L'ASSASSINO ABITA AL 21

1716_L'ASSASSINO ABITA AL 21 (L'assassin habite... au 21), Francia 1942. Regia di Henri-Georges Clouzot

Dopo le prime sceneggiature, Henri-Georges Clouzot aveva assaporato molto precocemente il gusto della direzione cinematografica, seppure unicamente per tre rifacimenti di film tedeschi destinati al mercato francese. In effetti Clouzot aveva affinato l’arte registica presso lo Studio Babelsberg di Potsdam e nella Germania del tempo aveva avuto modo di apprezzare il cinema di F. W. Murnau e Fritz Lang. I tre filmetti che risalgono ai primi degli anni 30 sono commediole che poco sembrano avere a che fare con la poetica che il regista francese manifesterà nel corso della carriera. Tuttavia, quando Clouzot comincerà a lavorare seriamente nell’ambito cinematografico, ai tempi dell’occupazione nazista di Parigi, per i romanzi da adattare per la Continental Films troviamo quelli di Stanislav-André Steeman, che possono fungere da sorta di ponte tra le prime esperienze «leggere» del regista e i temi che davvero gli staranno a cuore. Inizialmente Clouzot firmò solo la sceneggiatura, adattando il racconto I sei morti dello scrittore belga, per il film L’ultimo dei Sei [Le dernier des six, Georges Lacombe, 1941] ma per il successivo romanzo di Steeman, oltre alla scrittura, ottenne anche la prima vera regia: L’assassino abita al 21 [L’assassin habite… au 21, Henri-Georges Clouzot, 1942]. Se il primo è un interessante giallo reso piccante dai numeri di varietà, L’assassino abita al 21 prova un connubio più impegnativo con la stessa coppia di protagonisti che si muove in bilico tra commedia brillante e thriller. Al centro del racconto ci sono, infatti, l’ispettore Wenceslas Wens (Pierre Fresnay) e la sua compagna, la cantante e soubrette Mila Malou (Suzy Delair), personaggi già visti nel citato L’ultimo dei Sei. Purtroppo, nessuno dei due ha le caratteristiche per reggere la scena per un ruolo tanto delicato: si tratterebbe di essere credibili in un contesto serio, l’indagine poliziesca, tenendo sempre un occhio al piano leggero, sul modello del film L’Uomo ombra [The Thin Man, W. S. Van Dyke 1934]. 

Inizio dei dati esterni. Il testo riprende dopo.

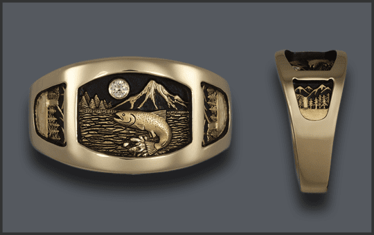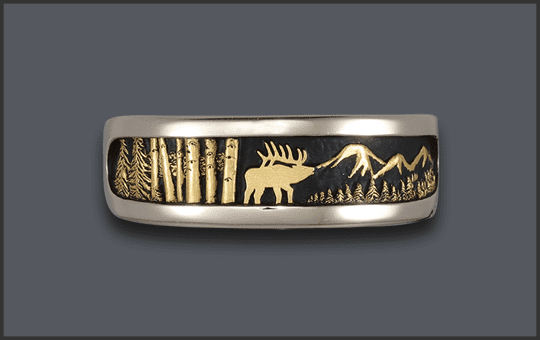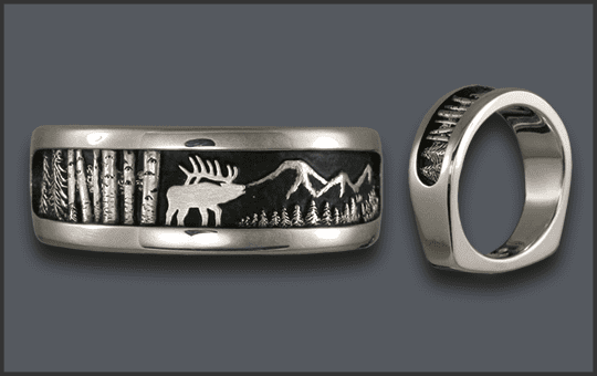 14kt MEN’S ELK RING WITH TREES ON SIDES -
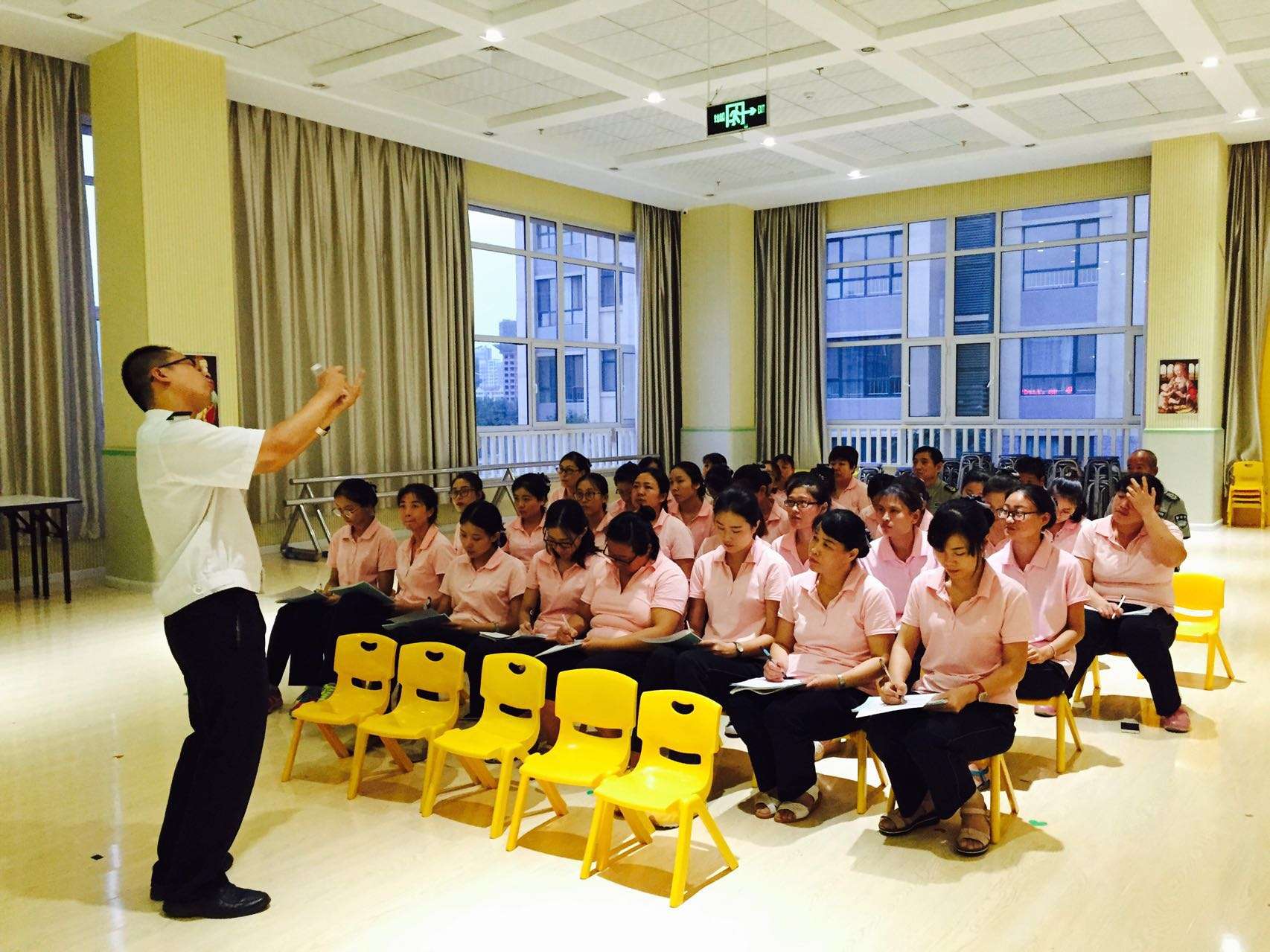 为了增强全体教职工的消防安全意识,2017年9月21日,潍坊市机关幼儿园培真园邀请市政安防火宣教中心的石教官为教职工进行了一场精彩的消防知识培训讲座。

Purtroppo, se Fresnay perde in modo netto il confronto con William Powell, molto peggio fa la Delair paragonata ad una diva come Myrna Loy. La Loy era, anche solo con la sua magnetica presenza, un valore aggiunto alla pellicola, l’attrice francese, al contrario, è una fonte continua di disturbo tanto per le indagini del personaggio del compagno, quanto per lo spettatore. Suzy Delair, probabilmente, neanche aveva la presenza scenica per reggere il ruolo di protagonista e in una situazione delicata come quella di una commedia sofisticata intinta nel giallo, naufraga completamente e mette a rischio l’intera operazione. Per fortuna, nonostante sia alla prima vera e propria regia in autonomia, Clouzot ha già la mano caldissima, su entrambi i versanti, e L’assassino abita al 21 è, in definitiva, più che piacevole. Nell’ambito dell’indagine sulle gesta del terribile monsieur Durand, si intravvede subito la capacità del regista francese di gestire la suspense e gli intrighi gialli, con un colpo di scena finale che risulta inaspettato, ben congeniato e abilmente messo in scena, al punto da sorprendere ancora oggi. Ma il film risulta totalmente spiazzante sul piano dei brillanti dialoghi, a tratti davvero audaci e piccanti, oltre che divertenti al limite dello spassoso. L’unico problema del film, come detto, è rappresentato dall’invadente presenza della Delair, tanto petulante quanto sostanzialmente priva di talento, che si fa ricordare per essere probabilmente la prima donna immortalata dal cinema a schiacciare i punti neri al compagno. A ciascuno i propri meriti.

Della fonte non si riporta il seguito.